(Source data)
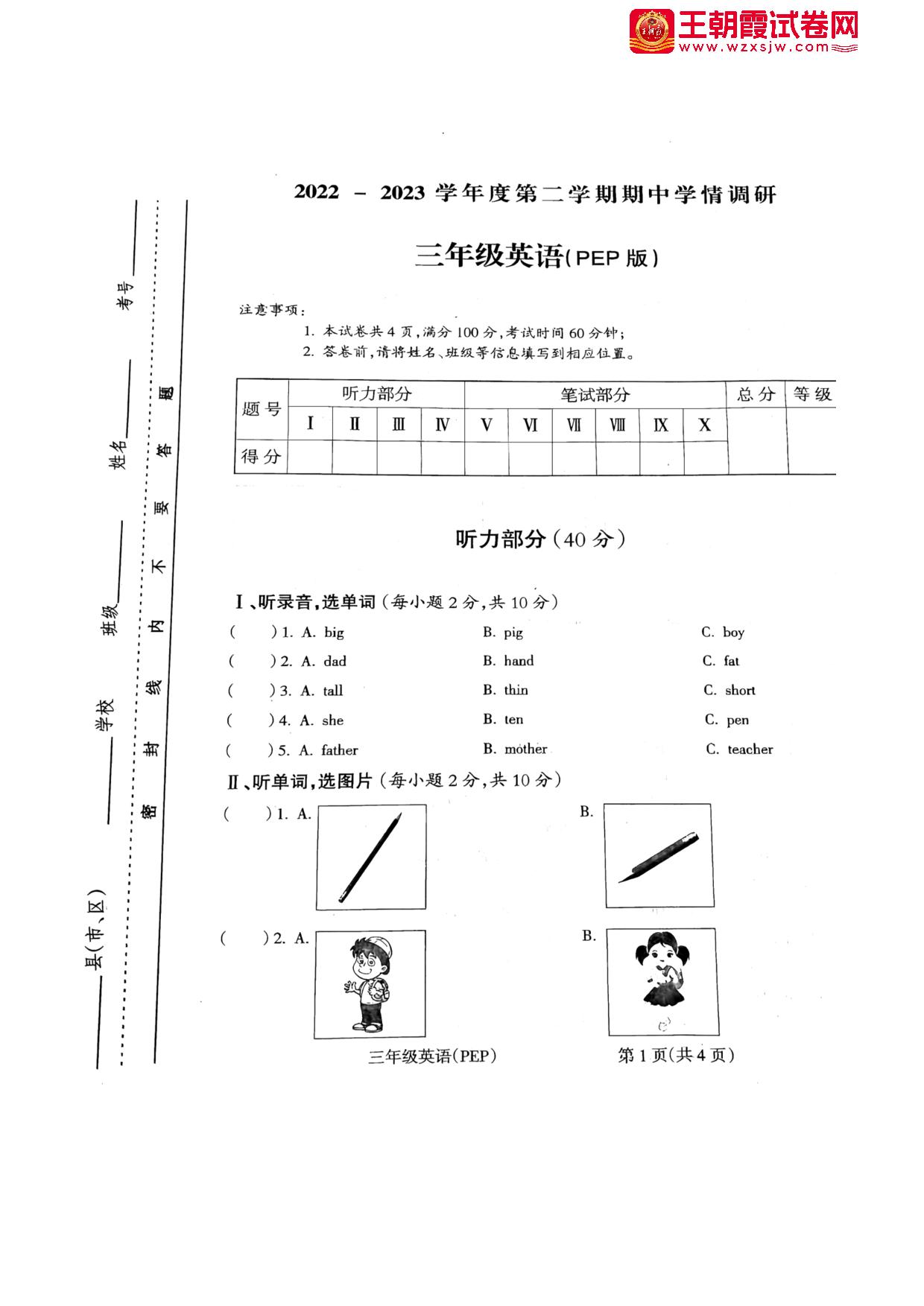 山西省忻州市繁峙县北城中学2022-2023学年度第二学期期中学情调研三年级英语(PEP版)【无听力音频】
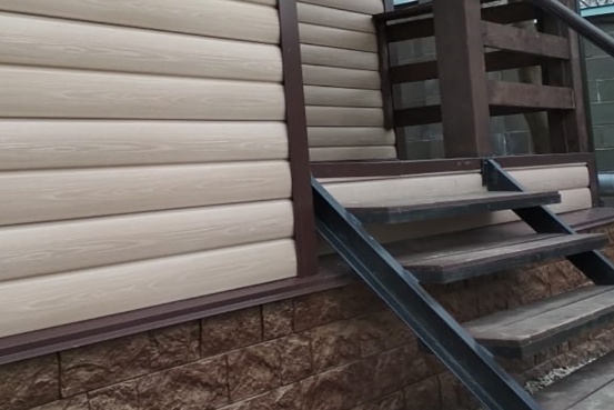 Фасад, облицованный светлым сайдингом в цвете «Орех», будет выглядеть превосходно и на фоне леса, и среди плодового сада, и на открытом участке. При строительстве 2-этажного дома сайдинг древесного оттенка можно комбинировать с цокольными панелями «под камень».
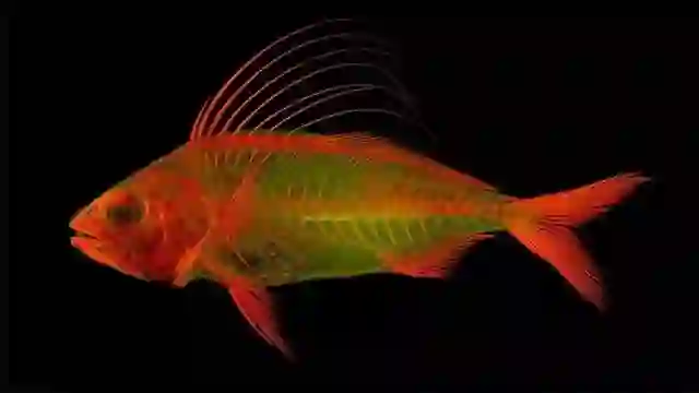 今年9月,劳伦斯堪萨斯大学的生态学家史密斯(W. Leo Smith)发表了一项新的X光成像技术,他发现,茜素红染料在波长适当的光线下,会发出明亮的红绿荧光。在荧光显微镜的帮助下,他不仅可以观测到红色的骨骼,软组织和肌肉也会通过绿色荧光展现在画面上。一条丝帆鱼成为了这项技术最先的应用者。
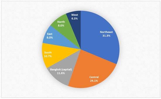Patient demographic data are presented in Table 1. Most patients (59.8%) were women. The median patient age was 50.5 years old (range, 15–99 years). There were more adult patients aged <65 years than older patients in our study. MEs were most commonly reported in the northeast region of Thailand (Figure 1). Most MEs occurred during the afternoon shift (58; 51.8%) and were most frequently in an outpatient department (65.2%). Errors in the medication process, such as prescribing or dispensing, were not recorded in our database; therefore, these data were not included in this study.
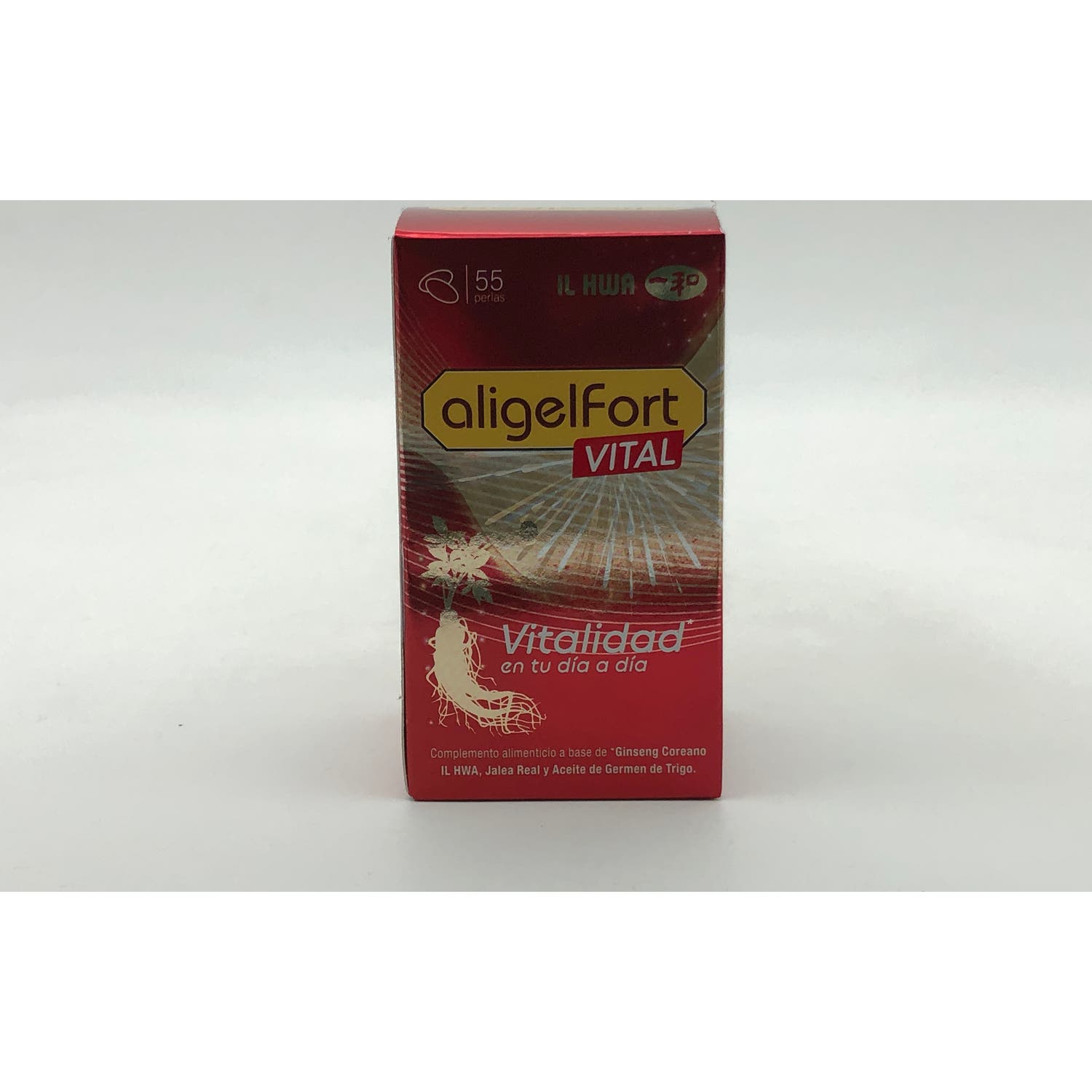 Tongil Aligel Fort Il Hwa 55comps es un complemento alimenticio a base de extracto seco de raíz entera de Ginseng Coreano IL HWA 5:1 (Panax ginseng C.A Meyer) de 6 años de edad, Jalea Real y aceite de germen de trigo.
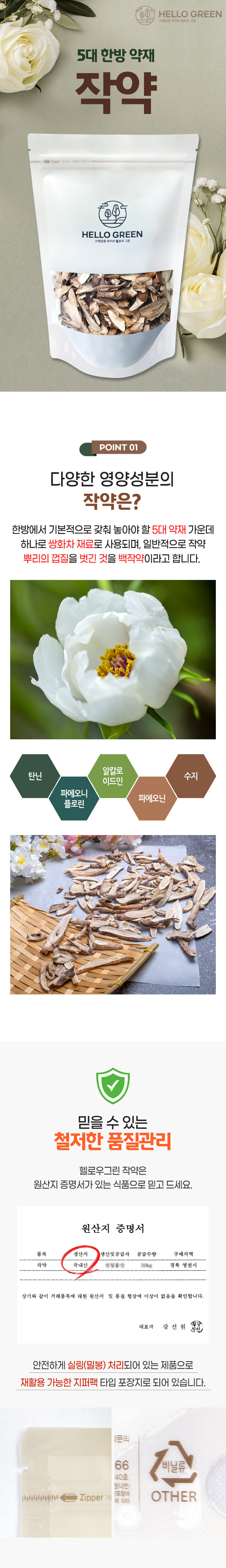 (헬로우 그린)국내산 작약 500g(팩) 백작약 Hello Green Domestic Peony 500g (Pack) White Peony
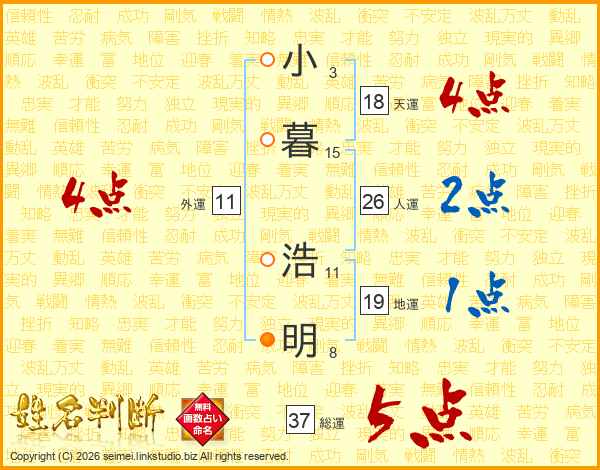 小暮浩明さんの総運は37画の5点!
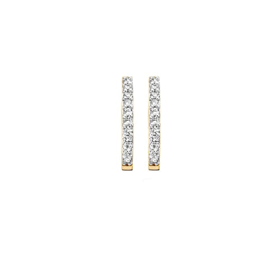 Deze elegante oorringen met witte zirkonia hebben een ovalen vorm. Ze zijn gemaakt van 14k geelgoud en hebben een dikte van 1,9 mm en een hoogte van 15,4 mm. Prachtig op zichzelf, maar ook heel mooi in combinatie met oorbedels en andere (oor)sieraden uit onze collectie.
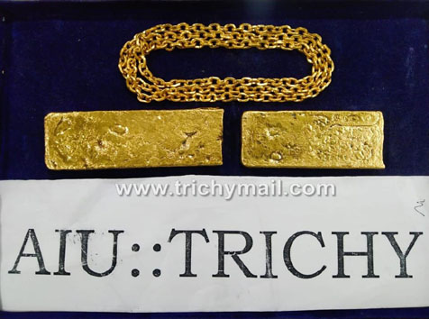 திருச்சி விமான நிலையத்திற்கு ஷார்ஜாவில் இருந்து வந்த ஏர் இந்தியா எக்ஸ்பிரஸ் விமானத்தில் பயணம் செய்த பயணிகளை விமான நிலைய வான் நுண்ணறிவு பிரிவு சுங்கத்துறை அதிகாரிகள் சோதனை செய்த போது அதில் பயணம் செய்த 2 ஆண் பயணிகளில் ஒருவர் தனது பேண்டில் மறைத்து வைத்து எடுத்து வந்த தங்க சங்கிலி மற்றும் உடலில் ஆசனவாயில் மறைத்து எடுத்து வந்த ரூ. 1 கோடியே 13 லட்சத்து 28 ஆயிரத்து 880 மதிப்புள்ள 1 கிலோ 840 கிராம் எடையுள்ள தங்கத்தை பறிமுதல் செய்து சுங்கத்துறை அதிகாரிகள் அவர்களிடம் விசாரணை நடத்தி வருகின்றனர்.
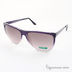 Утонченные солнцезащитные очки. Cостоят из полимерной (пластиковой) градиентно окрашенной оправы фиолетового цвета, дужек из сплава высококачественных металлов фиолетового цвета. Фирменная надпись - UNITED COLORS OF BENETTON у основания дужек. Наконечник дужек выполнен из полимерного пластика. Полимерные (поликарбонатные) градиентно окрашенные линзы коричневого оттенка. Наконечник слегка изогнутой формы, мостик средней толщины.
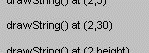 Note: Because some old browsers don't support 1.1, the above applet is a 1.0 version (here is the 1.0 code; here's the 1.1 code). To run the 1.1 version of the applet, go toexample-1dot1/TextXY.html. For more information about running applets, refer to About Our Examples.yargument is5, which leaves only 5 pixels above the baseline for the string -- not enough for most fonts. The middle string probably shows up just fine, unless you have a huge default font. Most of the letters in the bottom string display fine, except for letters with descenders. All descenders in the bottom string are cut off, since the code that displays this string doesn't allow room for them.Note: The text-drawing methods' interpretation of

> [Aim of the task]
Retype the lines above exactly, no pictures.

> [Your response]
 山西省忻州市繁峙县北城中学2022-2023学年度第二学期期中学情调研三年级英语(PEP版)【无听力音频】
 Фасад, облицованный светлым сайдингом в цвете «Орех», будет выглядеть превосходно и на фоне леса, и среди плодового сада, и на открытом участке. При строительстве 2-этажного дома сайдинг древесного оттенка можно комбинировать с цокольными панелями «под камень».
 今年9月,劳伦斯堪萨斯大学的生态学家史密斯(W. Leo Smith)发表了一项新的X光成像技术,他发现,茜素红染料在波长适当的光线下,会发出明亮的红绿荧光。在荧光显微镜的帮助下,他不仅可以观测到红色的骨骼,软组织和肌肉也会通过绿色荧光展现在画面上。一条丝帆鱼成为了这项技术最先的应用者。
Patient demographic data are presented in Table 1. Most patients (59.8%) were women. The median patient age was 50.5 years old (range, 15–99 years). There were more adult patients aged <65 years than older patients in our study. MEs were most commonly reported in the northeast region of Thailand (Figure 1). Most MEs occurred during the afternoon shift (58; 51.8%) and were most frequently in an outpatient department (65.2%). Errors in the medication process, such as prescribing or dispensing, were not recorded in our database; therefore, these data were not included in this study.
 Tongil Aligel Fort Il Hwa 55comps es un complemento alimenticio a base de extracto seco de raíz entera de Ginseng Coreano IL HWA 5:1 (Panax ginseng C.A Meyer) de 6 años de edad, Jalea Real y aceite de germen de trigo.
 (헬로우 그린)국내산 작약 500g(팩) 백작약 Hello Green Domestic Peony 500g (Pack) White Peony
 小暮浩明さんの総運は37画の5点!
 Deze elegante oorringen met witte zirkonia hebben een ovalen vorm. Ze zijn gemaakt van 14k geelgoud en hebben een dikte van 1,9 mm en een hoogte van 15,4 mm. Prachtig op zichzelf, maar ook heel mooi in combinatie met oorbedels en andere (oor)sieraden uit onze collectie.
 திருச்சி விமான நிலையத்திற்கு ஷார்ஜாவில் இருந்து வந்த ஏர் இந்தியா எக்ஸ்பிரஸ் விமானத்தில் பயணம் செய்த பயணிகளை விமான நிலைய வான் நுண்ணறிவு பிரிவு சுங்கத்துறை அதிகாரிகள் சோதனை செய்த போது அதில் பயணம் செய்த 2 ஆண் பயணிகளில் ஒருவர் தனது பேண்டில் மறைத்து வைத்து எடுத்து வந்த தங்க சங்கிலி மற்றும் உடலில் ஆசனவாயில் மறைத்து எடுத்து வந்த ரூ. 1 கோடியே 13 லட்சத்து 28 ஆயிரத்து 880 மதிப்புள்ள 1 கிலோ 840 கிராம் எடையுள்ள தங்கத்தை பறிமுதல் செய்து சுங்கத்துறை அதிகாரிகள் அவர்களிடம் விசாரணை நடத்தி வருகின்றனர்.
 Утонченные солнцезащитные очки. Cостоят из полимерной (пластиковой) градиентно окрашенной оправы фиолетового цвета, дужек из сплава высококачественных металлов фиолетового цвета. Фирменная надпись - UNITED COLORS OF BENETTON у основания дужек. Наконечник дужек выполнен из полимерного пластика. Полимерные (поликарбонатные) градиентно окрашенные линзы коричневого оттенка. Наконечник слегка изогнутой формы, мостик средней толщины.
 Note: Because some old browsers don't support 1.1, the above applet is a 1.0 version (here is the 1.0 code; here's the 1.1 code). To run the 1.1 version of the applet, go toexample-1dot1/TextXY.html. For more information about running applets, refer to About Our Examples.yargument is5, which leaves only 5 pixels above the baseline for the string -- not enough for most fonts. The middle string probably shows up just fine, unless you have a huge default font. Most of the letters in the bottom string display fine, except for letters with descenders. All descenders in the bottom string are cut off, since the code that displays this string doesn't allow room for them.Note: The text-drawing methods' interpretation of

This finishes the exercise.